▶ Brief: Can you set down, exactly as they appear below, the lines from the opening of the material through the one bearing "Please note that", minus the pictures?

▶ Data:

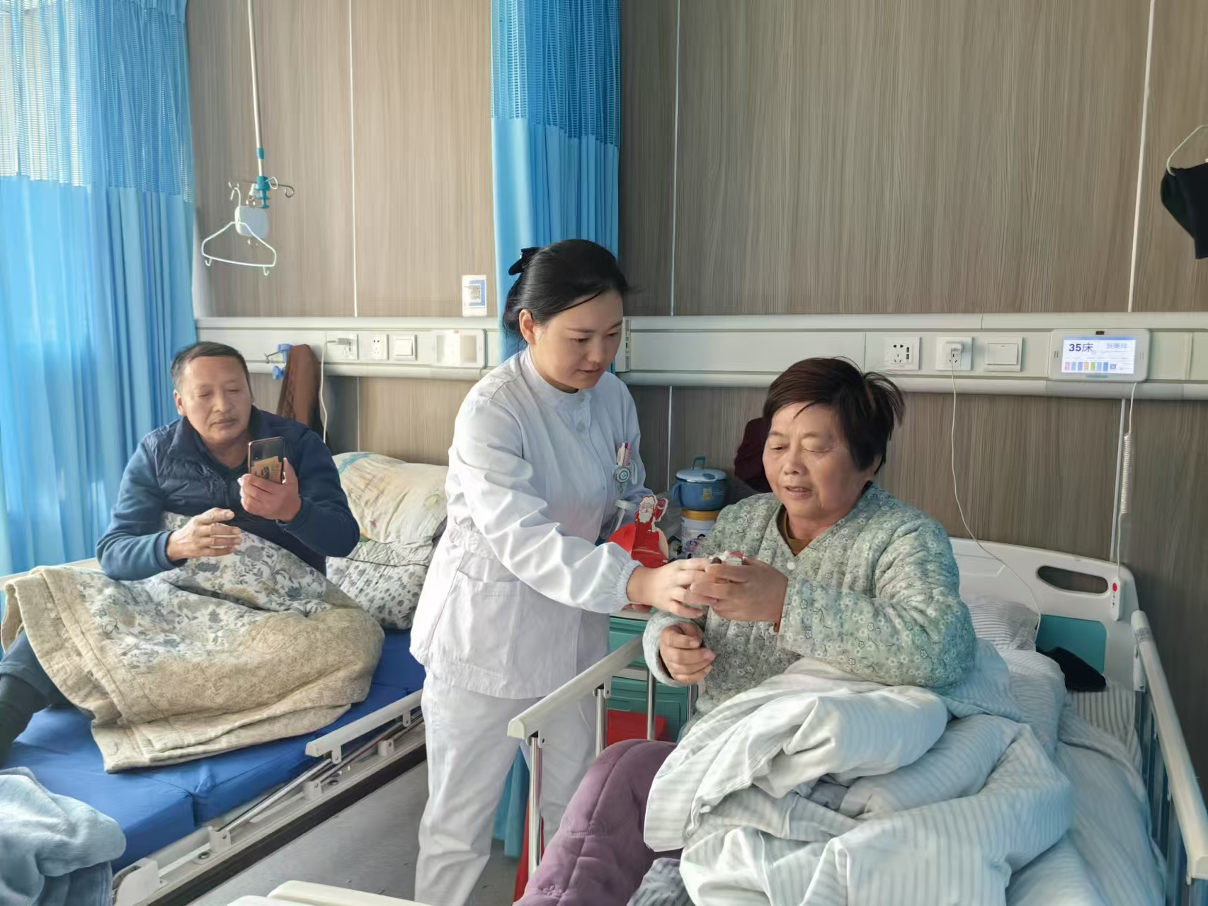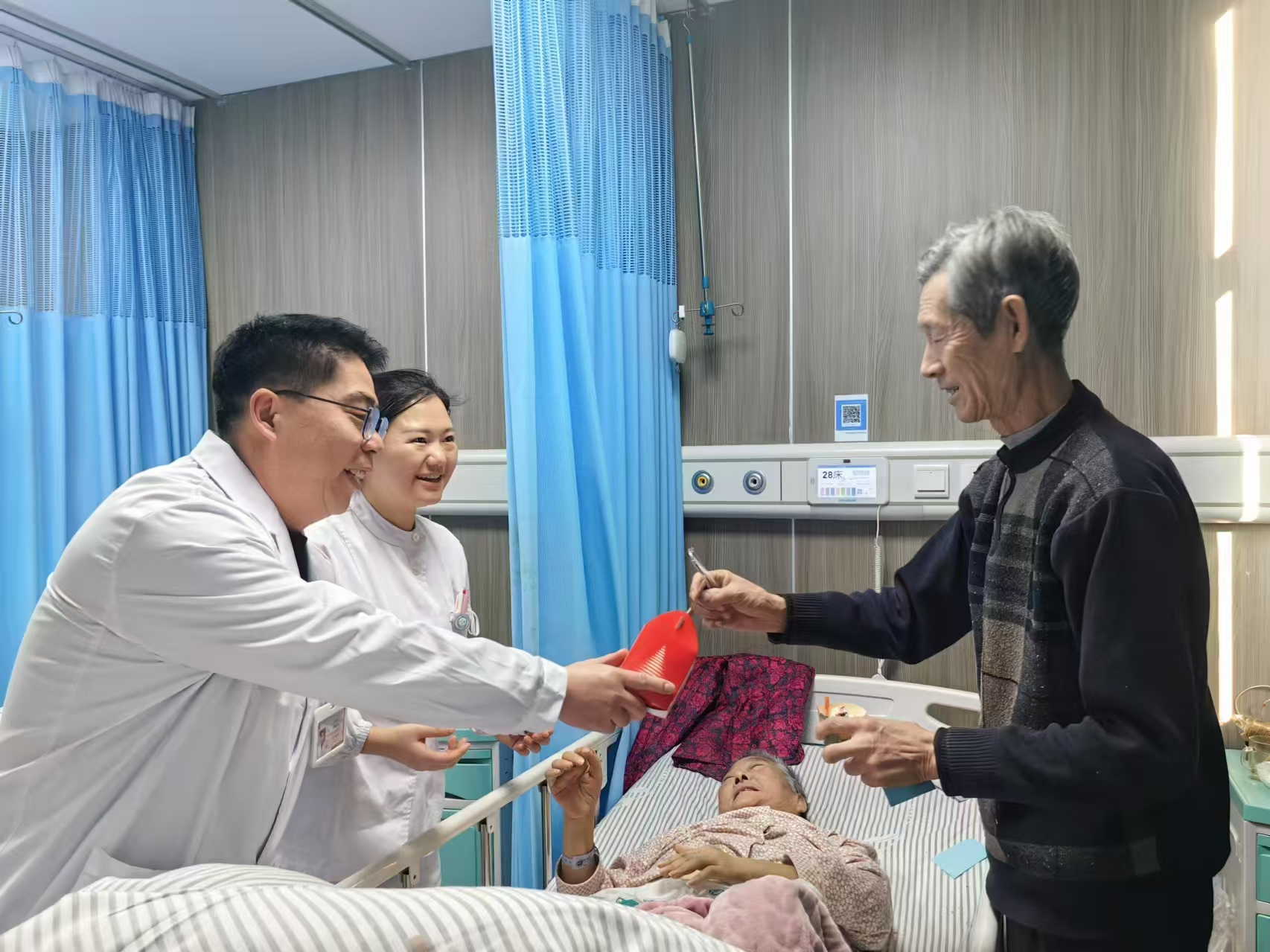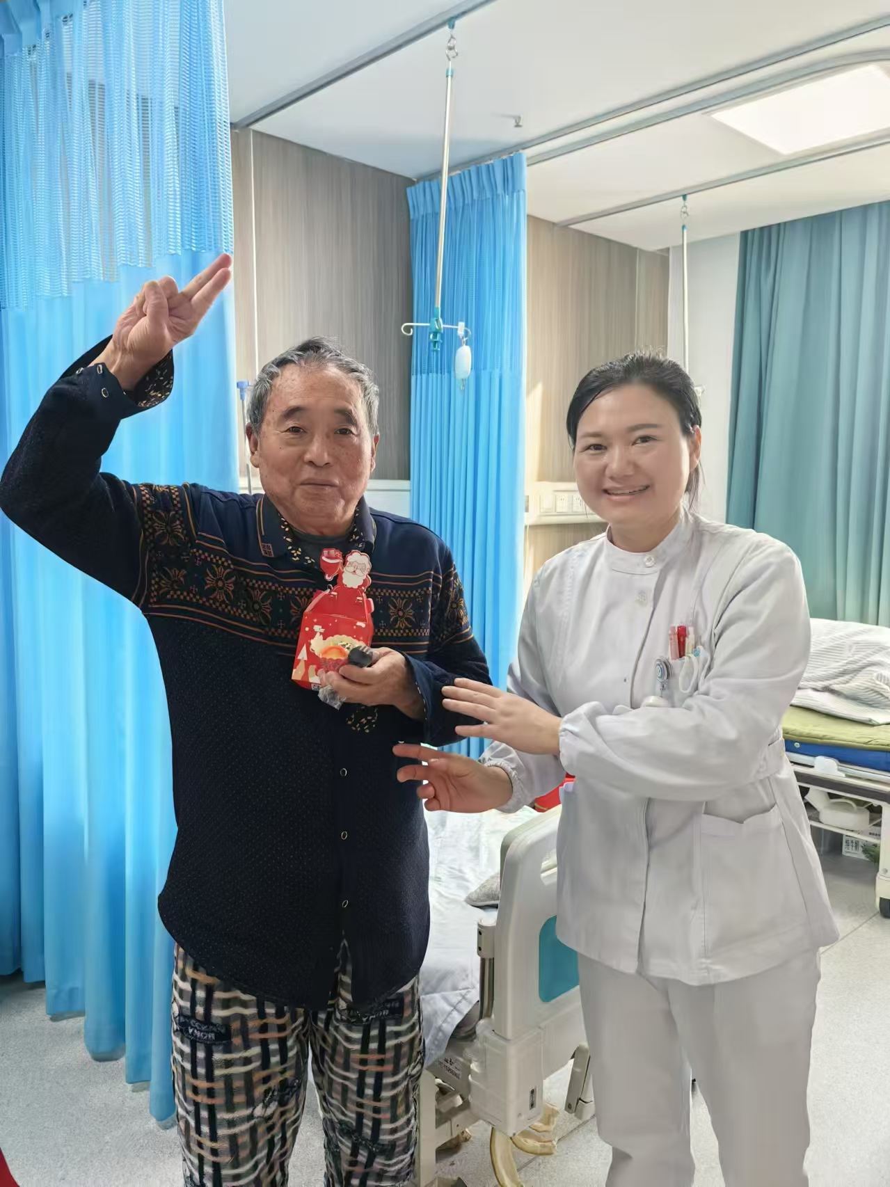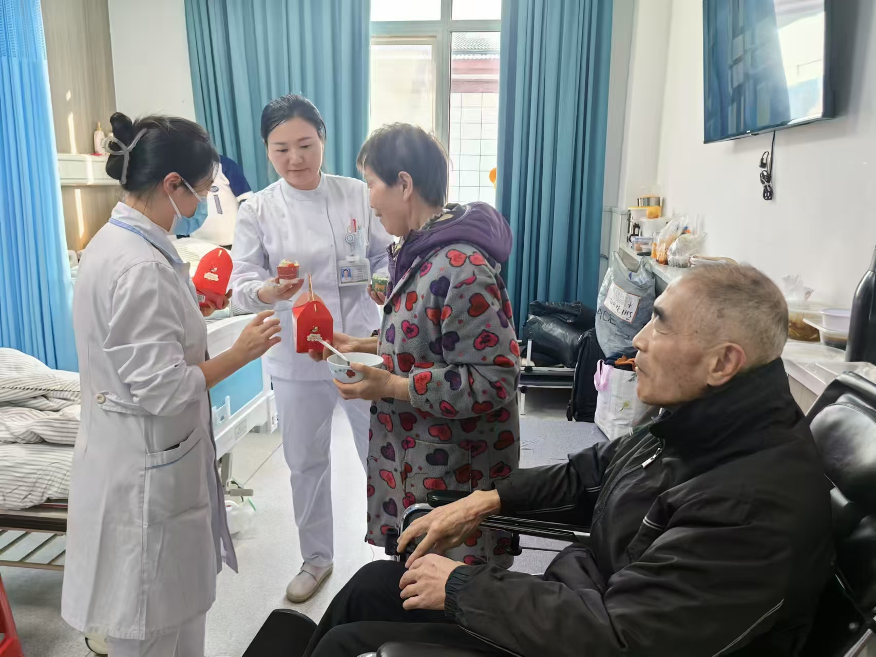 医护人员在病床前仔细询问患者的病情,同时送上节日的祝福,为他们带去平安与健康,让患者在寒冷的冬日里感受到浓浓的暖意,仿佛置身于温暖欢乐的家中。
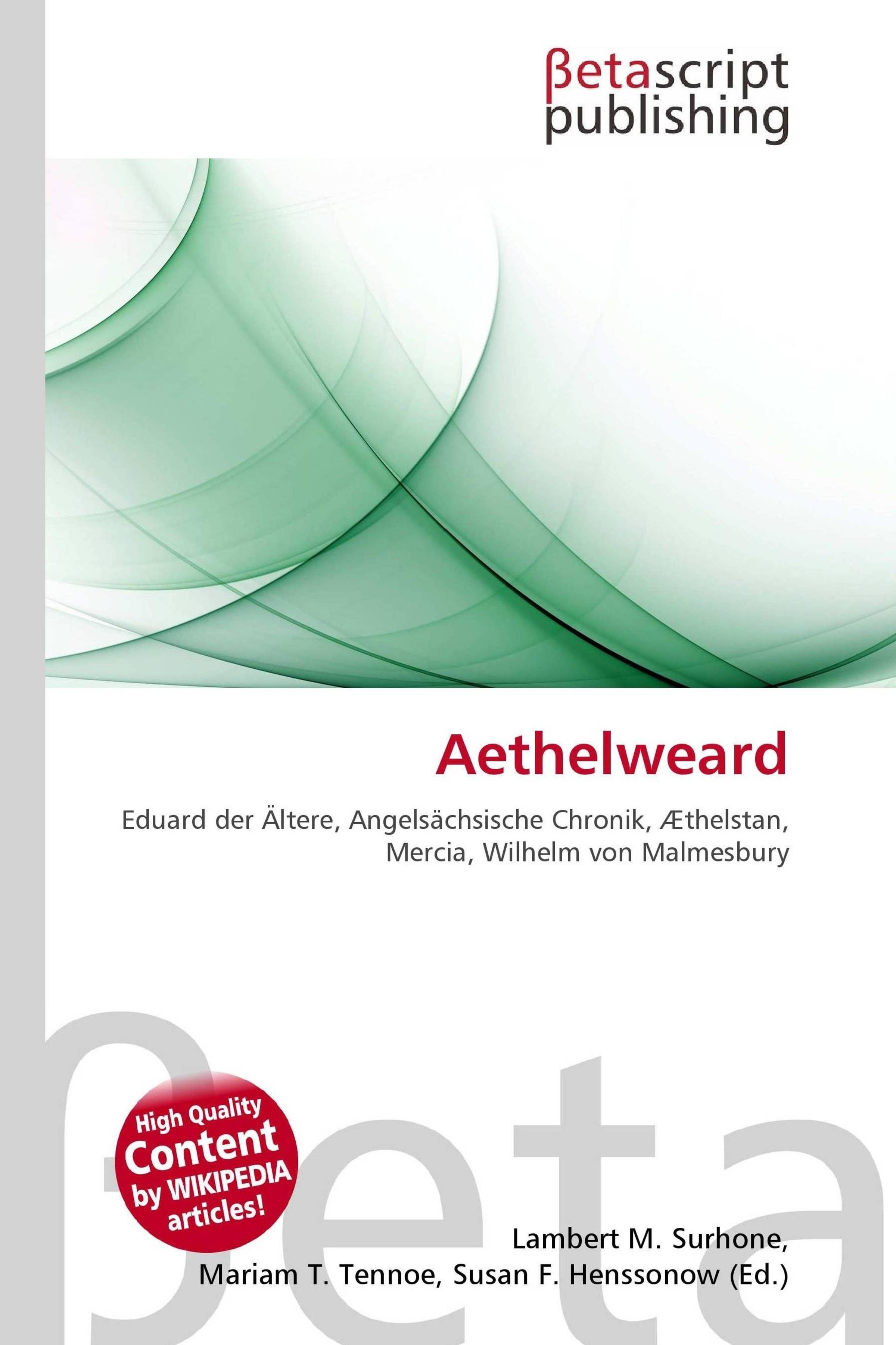 Please note that the content of this book primarily consists of articles available from Wikipedia or other free sources online.Æthelweard (auch Ethelweard oder Aethelweard; * 904; 924 in Oxford) war ein Sohn von Edward dem Älteren und Elfleda. Dem B-Manuskript der Angelsächsischen Chronik (Worcester Chronicle) zufolge, überlebte er seinen Vater um 16 Tage, wobei keine Angabe gemacht wird, dass Æthelweard zum König gekrönt worden sei und ihm auch keine Regierungszeit zugeordnet wird. Erst in Quellen des 11. und 12. Jahrhunderts wird sein Name als König genannt und berichtet, er habe vier Wochen regiert.
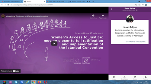 Avropa Şurası Ədliyyə Akademiyası ilə birgə hakimlər, prokurorlar və ədliyyə işçiləri üçün 7-8 oktyabr tarixində “Qadınların ədalət mühakiməsinə çıxışı: İstanbul Konvensiyasının tam ratifikasiyasına və tətbiqinə yaxınlaşmaq, Yaxşı İdarəçilik üçün Tərəfdaşlıq” mövzusunda onlayn formada II Beynəlxalq Konfrans keçirmişdir. Konfrans Bütün Şərq Tərəfdaşlığı ölkələri də daxil olmaqla Avropa Şurasına üzv olan ölkələrdən səlahiyyətli nümayəndələr, Avropa Şurasının müvafiq hökumətlərarası komitələrinin nümayəndələri, Gender Bərabərliyi Komissiyasının üzvləri, beynəlxalq təşkilatların səlahiyyətli nümayəndələri, vətəndaş cəmiyyəti mütəxəssisləri, elmi dairələr, media nümayəndələri və digər maraqlı tərəflərin iştirakı ilə baş tutmuşdur. Silsilə olaraq keçirilən tədbirlərin davamı və mövcud layihə çərçivəsində həyata keçirilən bütün fəaliyyətlərin əsas məqsədi kimi bu tədbirdə də Şərq Tərəfdaşlığı ölkələrində ədalət sistemlərinin gender-həssaslığını artırmaq və şiddətə məruz qalan qadınların ədalətə çıxışını gücləndirmək və İstanbul Konvensiyasının təsdiqi və tətbiqinə dair məlumatlılığı və dəstəyi artırmaq nəzərdə tutulmuşdur.Altı Şərq Tərəfdaşlığı ölkələrindən biri olaraq ölkəmizdən 10 nəfər hakim, 3 nəfər prokuror və Ədliyyə Nazirliyinin Ədliyyə Akademiyasının 5 əməkdaşı iştirak etmişdir.Konfransın birinci mərhələsi canlı yayım formasında həyata keçirilmişdir. Açılış nitqi Avropa Şurasının Baş Katibi Marija Pejčinović Burić tərəfindən “Avropa İnsan Haqları Konvensiyası və İstanbul Konvensiya zorakılıq qurbanı olan qadınlara ədalətin təmin edilməsi vasitəsi kimi” mövzusunda olmuşdur. Həmçinin “Qadına qarşı şiddət:kölgə pandemiyası, təsiri və qadınların ədalətə çıxışındakı maneələr”ə dair Christine Chinkin, Böyük Britaniya London İqtisadiyyat Məktəbinin fəxri professoru tərəfindən əsas təqdimat həyata keçirilmişdir.Konfransın ikinci günündə Zoom platformasında LAB-lar adı altında hər bir ölkənin nümayəndələrindən ibarət qruplar yaradılmış və həmin qruplarda gender bərabərliyini inkişaf etdirmək və şiddət qurbanı olan qadınların hüquqi müdafiəsini təmin etmək üçün atılan addımlar müzakirə olunmuşdur. Əlavə olaraq LAB-larda qadınlara qarşı şiddət və məişət zorakılığı qurbanlarının ədalətə qovuşmaq üçün qarşılaşdıqları maneələri və stereotipləri aradan qaldırmaq üçün hüquq mütəxəssislərinin nələri edə biləcəkləri, qadın zorakılığı və məişət zorakılığı qurbanlarının ədalətlə təmin olunması üçün hansı hüquqi dəyişikliklərin lazım olması, qadınların ədalətə çatımlılığına dair sistemlərinin keyfiyyətli olmasını təmin etmək üçün hüquqşünaslar və bu sahəyə dair qərar qəbul edə biləcək orqanların hansı beynəlxalq standartları və təsirli vasitələri tətbiq etməsini ehtiva edən məsələlər ətraflı müzakirə olunmuşdur. LAB-lar iki dildə- ingilis və rus dilində aparılmışdır. Rus dilində aparılan LAB-lardan birinin moderatoru Ədliyyə Akademiyasının əməkdaşı Həsən Quliyev olmuşdur.Daha sonra isə Avropa Birliyi Fundamental Hüquqlar Agentliyindən Albin Dearing, Venesiya Komissiyasından Veronika Bilkova, BMT Qadınlar üzrə Avropa və Mərkəzi Asiya Regional Direktoru Alia Əl-Yassir, Gender və Reproduktiv Hüquqlar üzrə Avropa Parlament Forumundan Neil Datta “Gələcəyi qurmaq: qadınların ədalətə çıxışını təmin etmək üçün növbəti addımlar” mövzusunda müzakirələr aparmışdırlar.Yekun nitqini Avropa Birliyi Ədalət və İstehlakçı işləri üzrəDirektoru Irena Moozova və Avropa Şurasının İnsan Ləyaqəti, Bərabərlik və İdarəetmə üzrə Direktoru Claudia Luciani söyləmişdir.Konfransın ümumi dili ingilis dili olmuş və və azərbaycan, gürcü, rus, ukrayna, erməni və rumın dilinə sinxron tərcümə təmin edilmişdir.

▶ Answer to this task:
 医护人员在病床前仔细询问患者的病情,同时送上节日的祝福,为他们带去平安与健康,让患者在寒冷的冬日里感受到浓浓的暖意,仿佛置身于温暖欢乐的家中。
 Please note that the content of this book primarily consists of articles available from Wikipedia or other free sources online.Æthelweard (auch Ethelweard oder Aethelweard; * 904; 924 in Oxford) war ein Sohn von Edward dem Älteren und Elfleda. Dem B-Manuskript der Angelsächsischen Chronik (Worcester Chronicle) zufolge, überlebte er seinen Vater um 16 Tage, wobei keine Angabe gemacht wird, dass Æthelweard zum König gekrönt worden sei und ihm auch keine Regierungszeit zugeordnet wird. Erst in Quellen des 11. und 12. Jahrhunderts wird sein Name als König genannt und berichtet, er habe vier Wochen regiert.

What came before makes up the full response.